Perbuatan Brigadir Polisi Satu (Briptu) Fikri Ramadhan dan Inspektur Polisi Dua (Ipda) Mohammad Yusmin Ohorella tidak dapat dijerat pidana. Pasalnya, keduanya masuk dalam kategori pembelaan diri yang terpaksa dan pembelaan terpaksa yang melampaui batas.
"Dengan demikian, Briptu Fikri dan Ipda Yusmin tidak dapat dijatuhi pidana karena alasan pembenaran dan pemaaf," kata ketua majelis hakim M. Arif Nuryanta dalam putusan sidang di PN Jaksel, Jalan Ampera Raya, Jumat (18/03/2022).
Dalam pertimbangannya, hakim menerangkan alasan pembenaran itu menghapus perbuatan melawan hukum yang dilakukan Briptu Fikri dan Ipda Yusmin, sementara alasan pemaaf menghapus kesalahan kedua polisi tersebut. Tindakan melawan hukum terdakwa ialah merampas nyawa orang lain dengan menembak empat anggota FPI di dalam mobil Xenia milik polisi pada 7 Desember 2020.
Perbuatan pidana itu, sebagaimana diatur dalam Pasal 338 KUHP, masuk dalam dakwaan primer jaksa. Terkait itu, majelis hakim berpendapat seluruh unsur dalam dakwaan primer jaksa terbukti, tetapi perbuatan itu merupakan upaya membela diri. Dengan demikian, kata Arif, kedua polisi tersebut tidak dapat dihukum, sehingga dilepaskan dari segala tuntutan hukum.

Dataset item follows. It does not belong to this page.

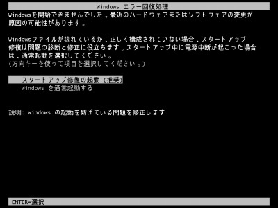 ■ Windows エラー回復処理 → 「スタートアップ修復の起動(推奨)」

Arif juga memerintahkan agar kemampuan, hak, dan martabat kedua polisi itu dipulihkan. Selanjutnya, majelis hakim memerintahkan sejumlah barang bukti dikembalikan ke Polda Metro Jaya, ke keluarga korban, dan sisanya dimusnahkan. (Repjabar.republika.co.id 18/03/22).
Inilah salah satu bukti betapa hukum dan peradilan di negeri ini sangatlah tidak adil dan zalim. Lantas mengapa ketidakadilan dan kezaliman begitu nyata di negeri ini? Setidaknya ada dua faktor penyebabnya. Pertama, sistem hukum dan peradilan di negeri ini sangat dipengaruhi dan dilandasi oleh sistem hukum dan peradilan barat yang sekuler. Sekularisme barat melahirkan sistem demokrasi yang memberikan kebebasan kepada manusia untuk menetapkan hukum tanpa terikat oleh ajaran agama. Dengan demikian sistem hukum dan peradilan di negeri ini nyata mencampakkan hukum dari Zat Yang Maha Adil, Allah SWT. Karena itu dapat dipastikan produk hukum yang dibuat pasti tidak sempurna dan memiliki banyak kelemahan.
Di sisi lain, manusia memiliki interest (kepentingan) baik pribadi maupun kelompok. Atas dasar ini, wajar jika hukum yang dihasilkan oleh rekayasa pemikiran manusia semata akan menghasilkan ketidakadilan. Hukum sangat berpihak kepada siapa yang berkuasa dengan berbagai kepentingannya. Persamaan di depan hukum menjadi tidak ada. Sebabnya, sejak awal hukum memang tidak diperuntukkan bagi semua. Inilah cacat hukum produk demokrasi.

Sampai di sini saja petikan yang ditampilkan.